Median (interquartile range).
PI-based regimens: cobicistat-boosted darunavir (DRV/c) monotherapy, 5 subjects; lamivudine (3TC) or DTG or RAL+ DRV/c 4 subjects; tenofovir disoproxil fumarate (TDF)/emtricitabine (FTC) + DRV/c, 1 subject.
Alcohol consumption (>20 g/d [women], >30 g/d [men]).
Cardiovascular events: ischemic heart disease and ischemic stroke.
All the patients were receiving antiretroviral treatment and had an undetectable viral load. The most frequent antiretroviral regimen was the combination of 2 nonnucleoside reverse-transcriptase inhibitors (NNRTIs) + rilpivirine (31%), followed by 2 NNRTIs + integrase inhibitor (27%); regimens based on protease inhibitors or efavirenz were administered in 12% of patients (Table 1). No differences were found for the distribution of the current antiretroviral combinations between patients who underwent and did not undergo biopsy. The analysis of the history of antiretroviral therapy revealed that patients who underwent biopsy had received zidovudine (AZT) (35% vs 16% [P = .01]) and stavudine (d4T) (35% vs 21% [P = .06]) more frequently than those who did not.
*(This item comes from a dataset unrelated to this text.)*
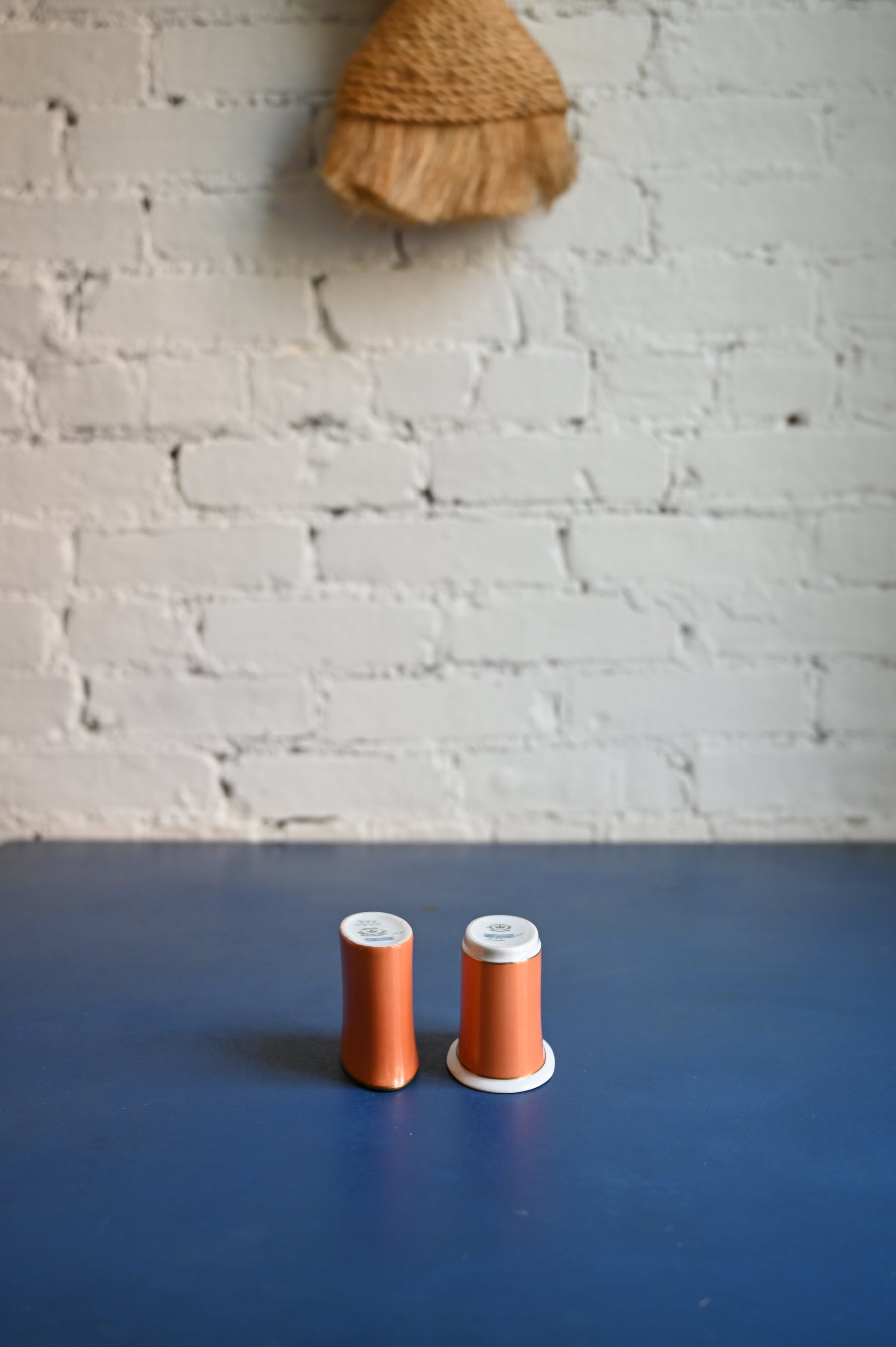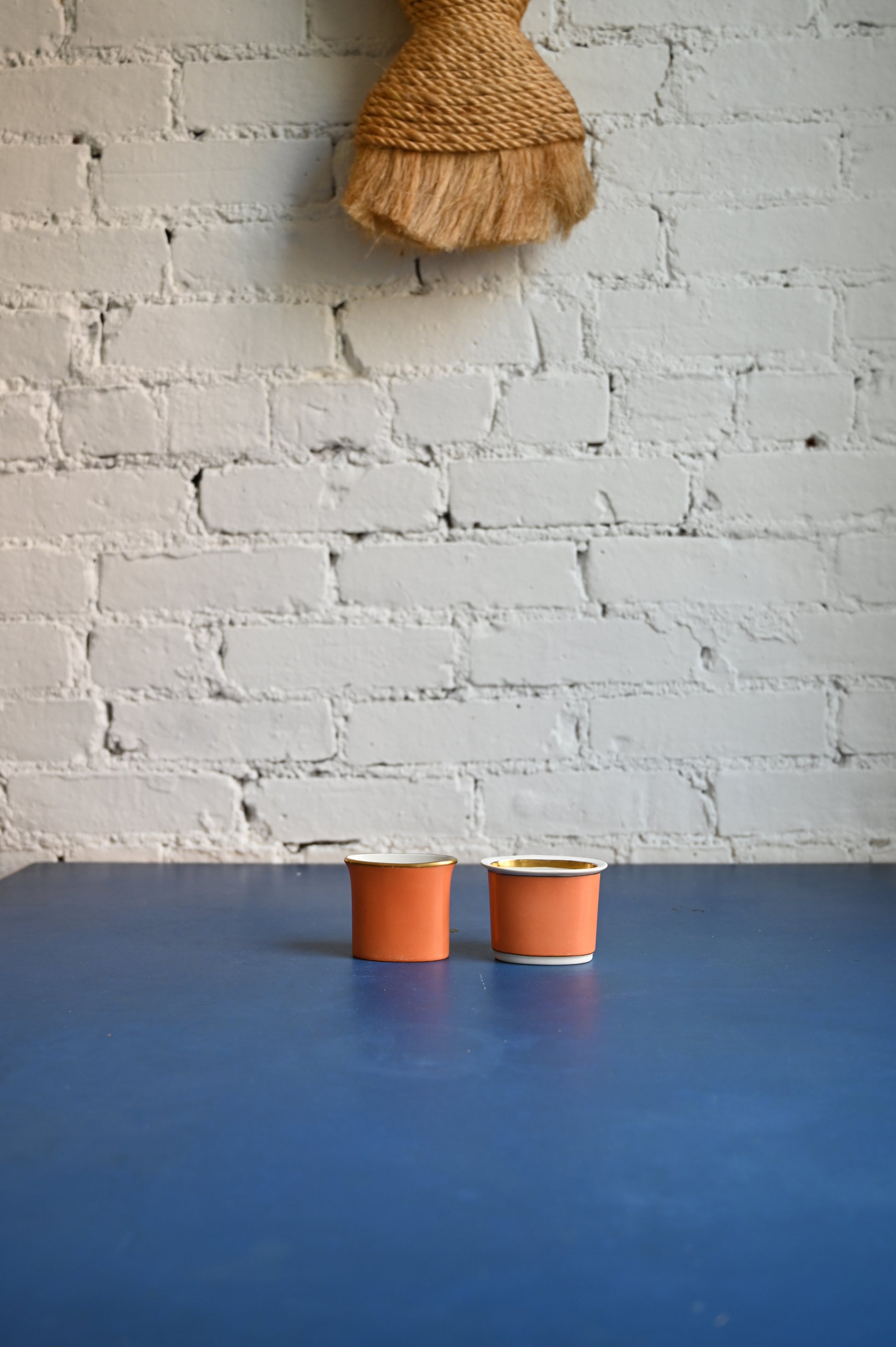 Royal Copenhagen Company orange cigarette holders. Orange with gold rim: 2.75" W, 2.5" H, 1.4" D (opening). Orange with white rim: 3" W, 2.25" H, 2" D (opening).

No differences were found between the groups for the remaining previously used antiretroviral drugs.
Histopathological Findings
Steatosis affected 62 of the 69 patients who underwent liver biopsy (89.9%) (mild, 33 [53.2%]; moderate, 16 [25.8%]; severe, 13 [21%]). Nonalcoholic steatohepatitis was diagnosed in 38 cases (61.3%). The NAFLD Activity Score ≥5 was found in 20.7% of patients with steatosis and fibrosis in 21 (mild [F1–F2], 18 [26.1%]; severe [ > F3], 3 [4.3%]).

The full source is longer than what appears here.